Elizabeth Warren, challenging Scott Brown for his Senate seat from Masachusett, became the darling of progressives when she succinctly stated the "what's yours is ours" case"
There is nobody in this country who got rich on his own. Nobody. You built a factory out there — good for you. But I want to be clear. You moved your goods to market on the roads the rest of us paid for. You hired workers the rest of us paid to educate. You were safe in your factory because of police forces and fire forces that the rest of us paid for. .?.?. You built a factory and it turned into something terrific or a great idea — God bless, keep a big hunk of it. But part of the underlying social contract is you take a hunk of that and pay forward for the next kid who comes along.”

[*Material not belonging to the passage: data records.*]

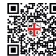
novinky do mobilu

Na první dobrou tak snad najdete vše, co potřebujete vědět – třeba nejbližší události, úřední hodiny, hlášení rozhlasu, mapu obce, informace o sběrném dvoře, aktuality a kontakty. Události je možné přes aplikaci na jeden klik přidat do kalendáře – hodí se, pokud nebudete chtít zapomenout třeba na adventní rozsvěcení vánočního stromku nebo klidně na vývoz popelnic. Spolky budou mít k dispozici vlastní přístup, což by mohlo pomoci pravidelnější aktualizaci informací.
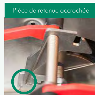
Pièce de retenue accrochée

Contrôler que les ressorts soient bien en place.
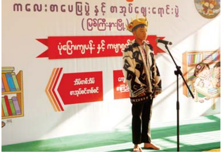
ကလေးစာပေပွဲတော် (မြစ်ကြီးနား) တွင် ရဝမ်ဘာသာဖြင့် ပုံပြောပြိုင်ပွဲ ယှဉ်ပြိုင်နေစဉ်။

ကလေးများ စာအုပ်စာပေ၌ နှစ်သက်မွေ့လျော်ကာ ရာသက်ပန် ပညာရှာမှီးသူများဖြစ်လာစေရန်၊ ပွဲတော်၌ ပျော်ရွှင်စွာဆင်နွှဲရင်း စုပေါင်းအလုပ်များတွင် ဝိုင်းဝန်း ပါဝင်တတ်သည့် အလေ့အထကောင်းများ ရရှိလာစေရန်၊ ပညာဗဟုသုတရော လူရည်လူသွေးပါ ပြည့်ဝ၍ အနာဂတ် တွင် တိုင်းပြည်အတွက် ဦးဆောင်ဦးရွက်ပြုနိုင်သူများ ဖြစ်လာစေရန် ရည်ရွယ်ချက်များဖြင့် ကလေးစာပေပွဲတော် များကို ၂၀၁၆ ခုနှစ်မှစ၍ နိုင်ငံ အနှံ့အပြားတွင် ကျင်းပပေး လျက်ရှိ
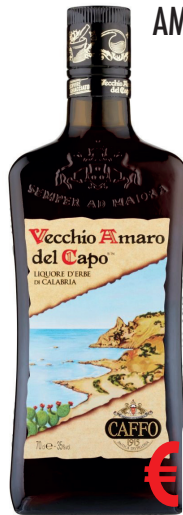
AMARO DEL CAPO ML 700

Then came the inveitable and welcome pushback from people near my end of the political spectrum who pointed out what collectivist drivel this was. George Will says it nicely:
Such an agenda's premise is that individualism is a chimera, that any individual's achievements should be considered entirely derivative from society, so the achievements need not be treated as belonging to the individual. Society is entitled to socialize — i.e., conscript — whatever portion it considers its share. It may, as an optional act of political grace, allow the individual the remainder of what is misleadingly called the individual's possession.
Will says of Warren, as William Buckley said of Kenneth Galbraith, that she is "a pyromaniac in a field of straw men." She refutes something nobody claims, that we are all automomous individuals who owe nothing to the social context in which we operate. The social contract between the individual and the group is a given; the only thing to decide is how much weight we give each as we enter into negotiations. The emphasis in this country -- indeed, the whole point of the founding of this country -- is that the main purpose of the contract is to protect the rights of the individual, not the privileges of the group. Progressives don't like that whole concept, so their main mission, as Will says, is "to dilute the concept of individualism, thereby refuting respect for the individual's zone of sovereignty" in order to make it easier for our betters in the regulatory state.